Some time ago I was curious about a question related to my bath towel, which I hang on a rope to have fun (you can use your own towel to do this experiment in bath-o if you want): 'There is this rectangle with sides $a<b$. The rectangle is bent along a line that passes through the center of the rectangle. At which angle $\alpha$ (should we bend the rectangle in order to get the minimum area of crossing intersection?' - the solution is posted in OEIS
By now I'd like to find a solution for a similar problem but related to a spheric rectangle. I know I can't bend the rectangle on sphere. However, I guess it's possible to use reflection of a relatively large circle to find coordinates of vertices in Cartesian coordinates. My problem is that I have not realized how to do it and how to calculate the area of the self-intersection on a sphere with radius $R$ centered at the origin?

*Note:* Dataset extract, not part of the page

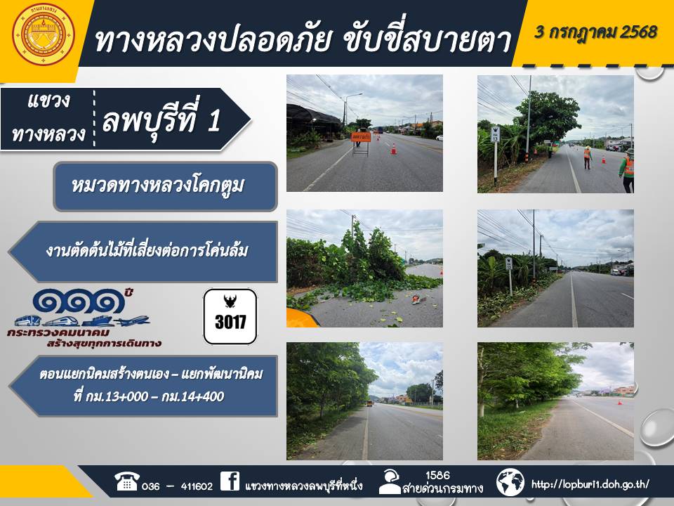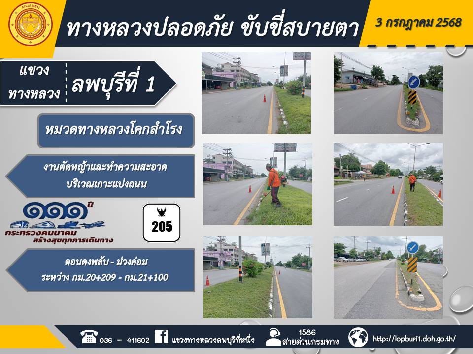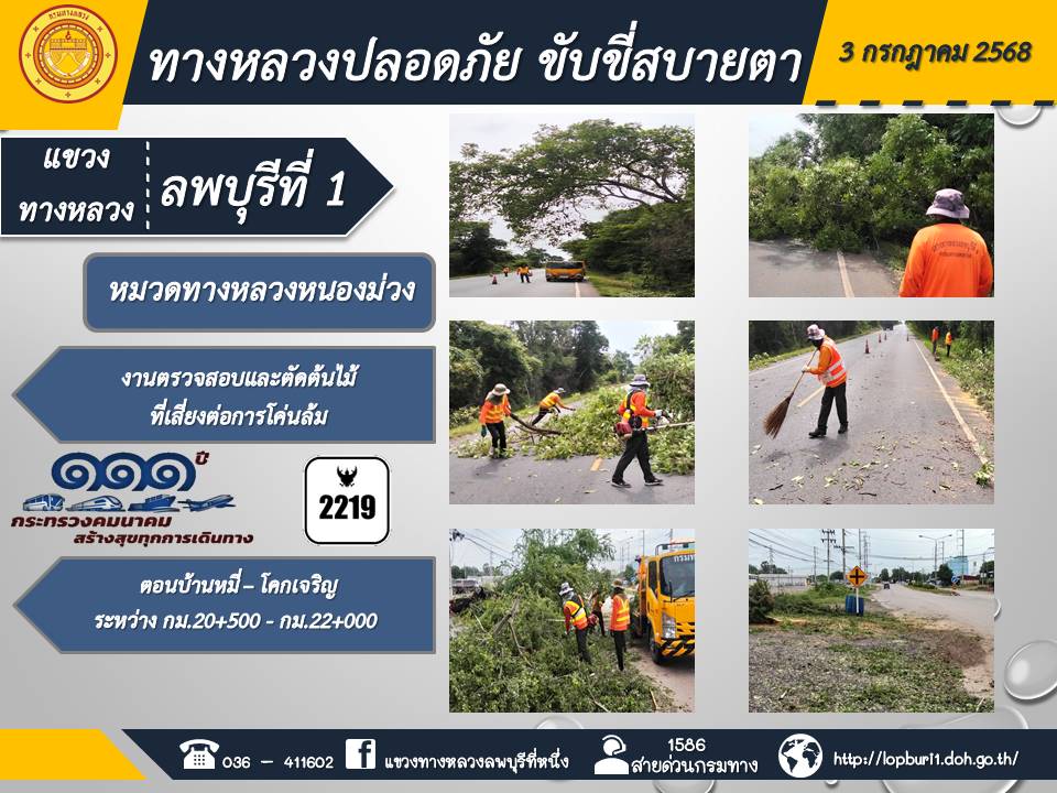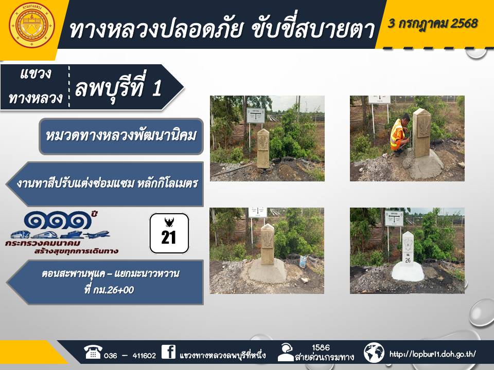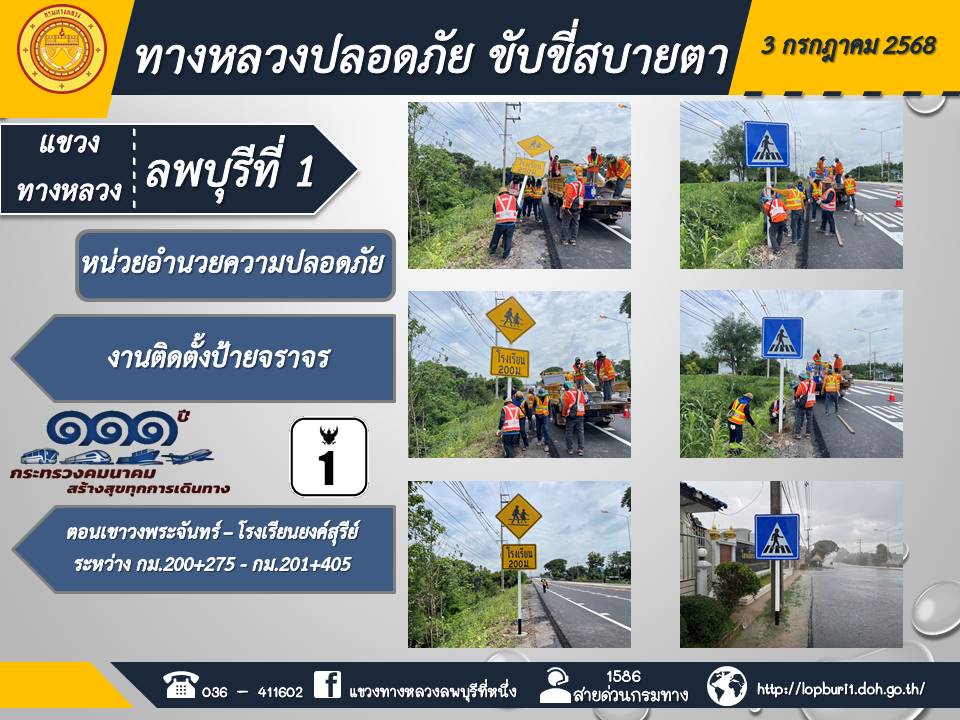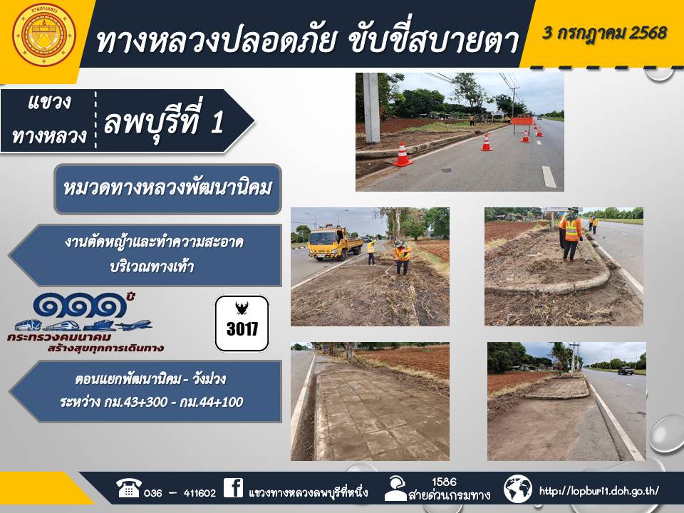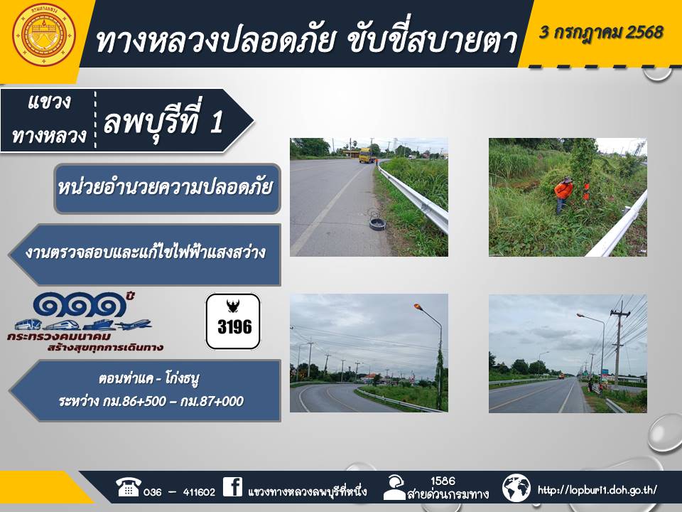 ทางหลวงปลอดภัยขับขี่สบายตา แขวงทางหลวงลพบุรีที่ 1 ประจำวันที่ 3 กรกฎาคม 2568

Firstly, I considered the area of the spheric rectangle to see how it works for a small area$S=R^{2}(\theta+\theta+\theta+\theta - 2\pi)=R^{2}(4\theta - 2\pi)$. Let denote the vertices of the spheric rectangle by $$ v_{1} = (A, B, C),\qquad v_{2} = (A, -B, C),\qquad v_{3} = (A, -B, -C),\qquad v_{4} = (A, B, -C). $$ Of course, $A^{2} + B^{2} + C^{2} = R^{2}$. (Spherical rectangle is a quadrilateral having equal opposite sides but non-parallel & all the interior angles are equal in magnitude & each one is greater than $90^\circ$.) This resulted in the area $S= R^{2}(4\theta - 2\pi) = R^{2}(2\pi - 4\arccos(\tan\frac{a}{2R} \tan\frac{b}{2R}))$.
So, Tylor series (if $R=1$): $S=2\pi - 4(\pi/2-\frac{a}{2} \frac{b}{2})=ab$ like for area of rectangle on plane.
Any ideas on finding area of the spherical polygon while 'folding' spherical rectangle are highly welcomed.